The Armenian Church (Biserica armeano-catolică Nașterea Maicii Domnului) is an Armenian Catholic church located at 1 Biserica Armeană Street in Gheorgheni, Romania. It is dedicated to the Nativity of Mary and forms part of the Ordinariate for Catholics of Armenian Rite in Romania.

==History==
Armenians first arrived in Gheorgheni, then part of the Principality of Transylvania, during the 17th century: possibly two brothers came in 1654, or a group in 1688. At first, their religious services took place in rented private homes. In 1613, a Roman Catholic parish priest had established a cemetery for foreigners behind the old Gothic chapel that dated to around 1450. In 1698, the bishop's vicar handed over the cemetery to the Armenians, who bought the chapel in 1712 from prelate György Mártonffy for 120 forints. In place of the chapel, they built a larger church for the growing Armenian community, but after this too proved too small, chose a new site for a church in 1729. To the right of the main entrance, there is a plaque with an inscription in Armenian that indicates the Armenians who settled in the town in 1688 built the Baroque-style church in 1733 and that it was blessed in 1772 by Antal Bajtay, Catholic bishop of Transylvania, in honor of the Nativity of Mary. Work was overseen by an Armenian-rite priest and primarily funded through contributions from religious associations. The church is surrounded by a crenellated and fortified wall that now includes the fifteen Stations of the Cross. Land for the imposing parish house was purchased in 1768. A chanter's house was built in the churchyard in 1780 and, near the edge of the land, a house for the bell-ringer. The church owns valuable books and numerous works of art.
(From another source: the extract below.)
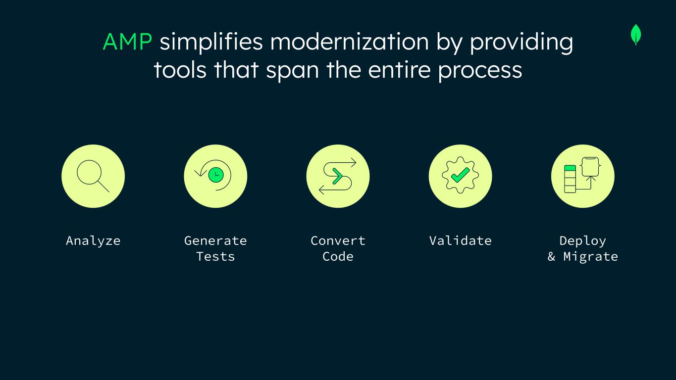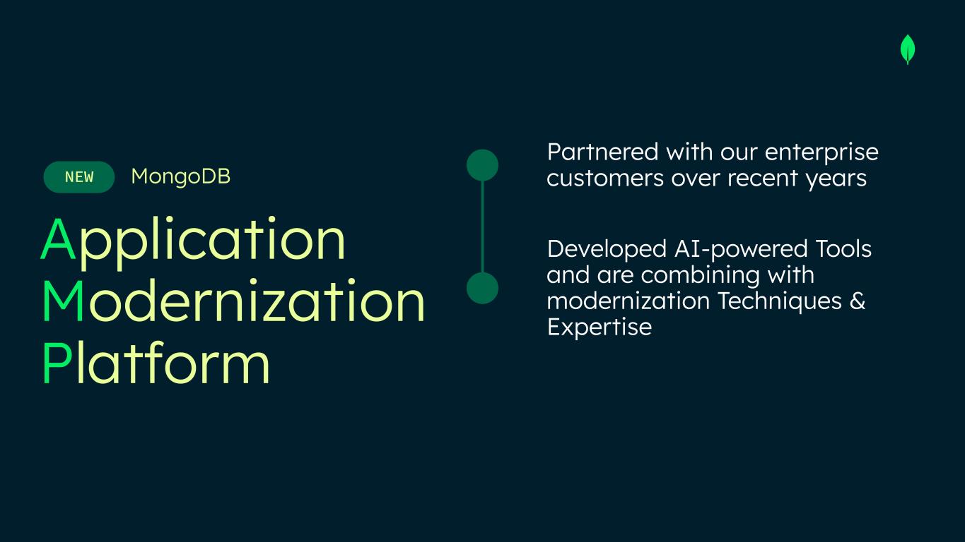 Application Modernization Platform MongoDBNEW Partnered with our enterprise customers over recent years Developed AI-powered Tools and are combining with modernization Techniques & Expertise

The church was entirely renovated in 1889. In the later 19th century, it acquired stained-glass windows and a pneumatic organ, while the cemetery was revamped and the parish house restored. The local Armenians founded a school in 1794 and supported a gymnasium, but a decline in population caused the school to shut down in the early 1880s. Restoration work on the church and affiliated buildings began in 2003; the old books were inventoried and the archive catalogued.

The church is listed as a historic monument by Romania's Ministry of Culture and Religious Affairs, as are the 1650 chapel and the 1748 surrounding wall.